There are many approaches to handling missing values. Here we subsitute a missing value by the mean of the number of reported steps per 5-minute interval, over all days.
```{r}
m <- merge(d, averageOfStepsByInterval, by = "time")
m$steps.x[is.na(m$steps.x)] <- m$steps.y[is.na(m$steps.x)]

m <- data.frame(m$steps.x, m$date, m$interval, m$timestamp.x, m$time)
names(m) <- names(d)
```

The total number of steps taken per day is calculated again by summing the value of steps over all intervals of a day.
```{r}
totalStepsByDay <- aggregate(steps ~ date, data = m, sum)
```

The figure below gives an impression of how many days (y axis: Frequency) a certain number of steps (x axis: Total of  steps per day) are reported or **imputed**
```{r}
hist(totalStepsByDay$steps,
     main = "With imputing for missing steps data",
     xlab = "Total of steps per day"
     )
```


```{r}
meanOftotalStepsByDay <- as.integer(round(mean(totalStepsByDay$steps)))
medianOftotalStepsByDay <- as.integer(round(median(totalStepsByDay$steps)))
```
The mean of the total steps per day = `r meanOftotalStepsByDay`, its median = `r medianOftotalStepsByDay`.
This hardly differs from the values obtained previously (without imputing missing values).

Why this is become immediatly clear when we look at where the values are missing.
```{r}
table(d[is.na(d$steps),]$date)
```
This shows that only complete days are missing. Those days get the average of the other days imputed. So they become an average day. And where does an average day ends up in the histogram?

## Are there differences in activity patterns between weekdays and weekends?

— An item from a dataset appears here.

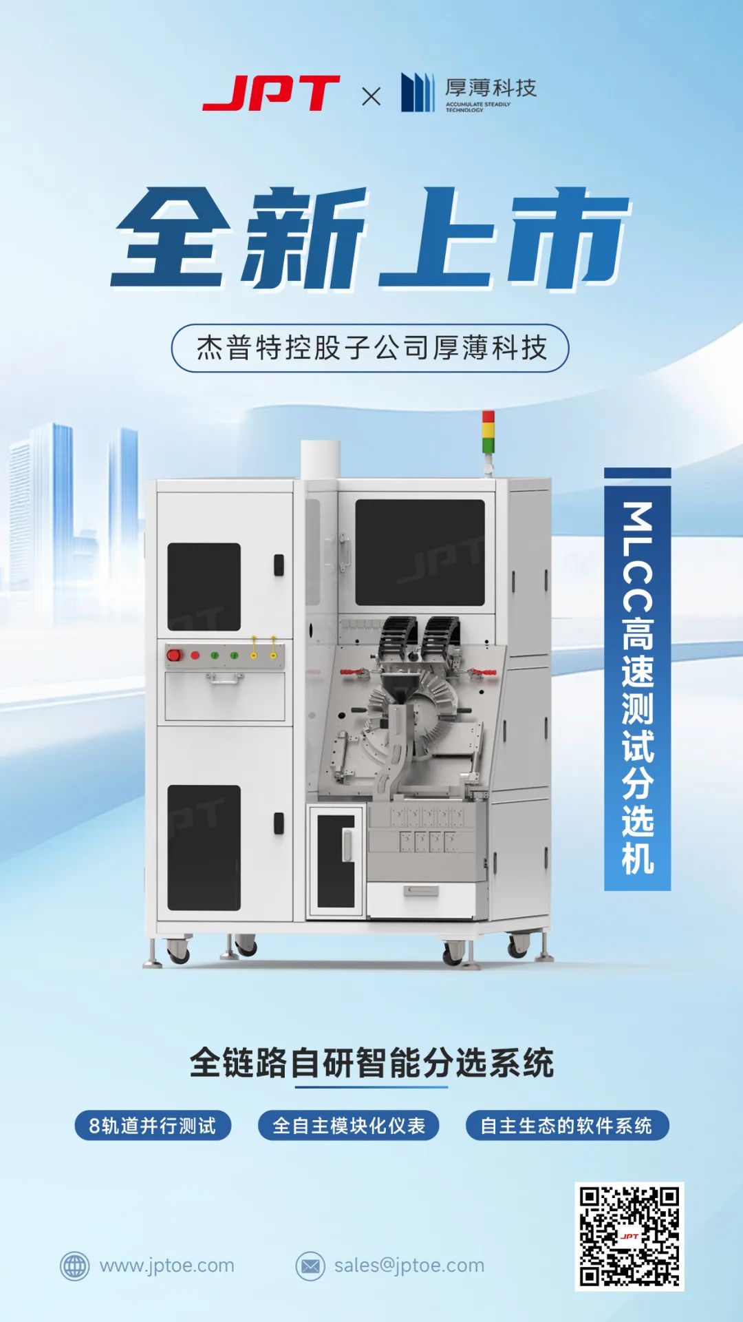 qg刮刮乐官网控股子公司厚薄科技,倾力打造MLCC高速测试分选机,以 “8轨道并行测试+全自主模块化仪表+自主生态的软件系统” 硬核架构,破解行业难题:

To see if the activity pattern differs between the typical work and weekend days we need to make that piece of information explicit.
```{r}
m$dayType <- "weekday"
m$dayType[weekdays(m$timestamp) %in% c("Saturday", "Sunday")] <- "weekend"
m$dayType <- as.factor(m$dayType)
```

The average daily activity pattern is calculated by taking the mean of the number of reported steps per 5-minute interval, over the different types of days.
```{r}
averageOfStepsByInterval <- aggregate(steps ~ time + dayType, data = m, mean)
```

The figure below gives an impression of the activity pattern (y axis: Number of steps) over the day (x axis: Interval) for both weekdays and weekend.
```{r}
averageOfStepsByInterval$timestamp <- as.POSIXct(averageOfStepsByInterval$time, format = "%H:%M")

library(lattice)
p <- xyplot(steps ~ timestamp | dayType,
            averageOfStepsByInterval,
            type = "l",
            xlab = "Interval",
            ylab = "Number of steps",
            layout = c(1, 2),
            scales = list(x = list(format = "%H:%M"))
            )
print(p)
```

In the weekend the activity is more spread out. On weekdays it peaks in the morning rush hour.